Published: 2025-12-05 03:37:18+00:00

AI Summary

This paper presents the Nomi Team's work for the ICASSP 2026 Environmental Sound Deepfake Detection (ESDD) Challenge. They propose an audio-text cross-attention model to address unseen generators and low-resource black-box scenarios. Experiments demonstrate competitive EER improvements over the challenge baseline, particularly when integrating semantic text and using an ensemble model.

Abstract

This paper presents our work for the ICASSP 2026 Environmental Sound Deepfake Detection (ESDD) Challenge. The challenge is based on the large-scale EnvSDD dataset that consists of various synthetic environmental sounds. We focus on addressing the complexities of unseen generators and low-resource black-box scenarios by proposing an audio-text cross-attention model. Experiments with individual and combined text-audio models demonstrate competitive EER improvements over the challenge baseline (BEATs+AASIST model).


Key findings
The proposed ATCA model achieves lower EER than the BEATs+AASIST baseline in Track 1 (unseen generators, 11.28% vs 13.20%).

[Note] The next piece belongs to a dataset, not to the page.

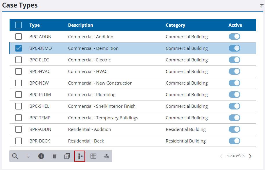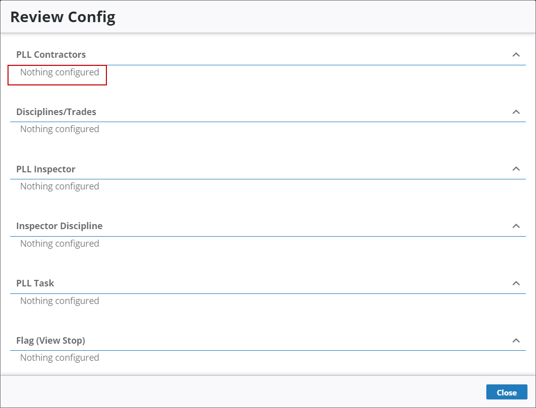 - On the Case Types panel (or other desired PLL panel), click the case type (or other desired PLL data item) that you want to review the configuration for, and click Review Config.

The ensemble model (ATCA-ens) further reduces EER in both tracks, achieving 11.22% in Track 1 and 11.98% in Track 2 (low-resource black-box), outperforming the baseline (13.20% and 12.48% respectively). The text modality is particularly beneficial against unseen generators, though its impact is somewhat diminished in low-resource scenarios.
Approach
The team proposes an audio-text cross-attention (ATCA) model where acoustic features query text embeddings (derived from audio captions) to enhance audio representations. The audio backbone leverages BEATs and AASIST. An ensemble model further combines multiple ATCA variants and the BEATs-AASIST baseline with RoBERTa text features and classical regressors (gradient boosting, random forest, linear regressors) as a meta-learner.
Datasets
EnvSDD dataset (which compiles real sounds from UrbanSound8K, TAU UAS 2019 Open Dev, TUT SED 2016, TUT SED 2017, DCASE 2023 Task7 Dev, and Clotho).
Model(s)
AASIST, BEATs, RoBERTa (base), audio-text cross-attention (ATCA) model, transformer encoder-decoder for audio captioning, stacked Gated Recurrent Unit (GRU) network, gradient boosting, random forest, linear regressors.
Author countries
Japan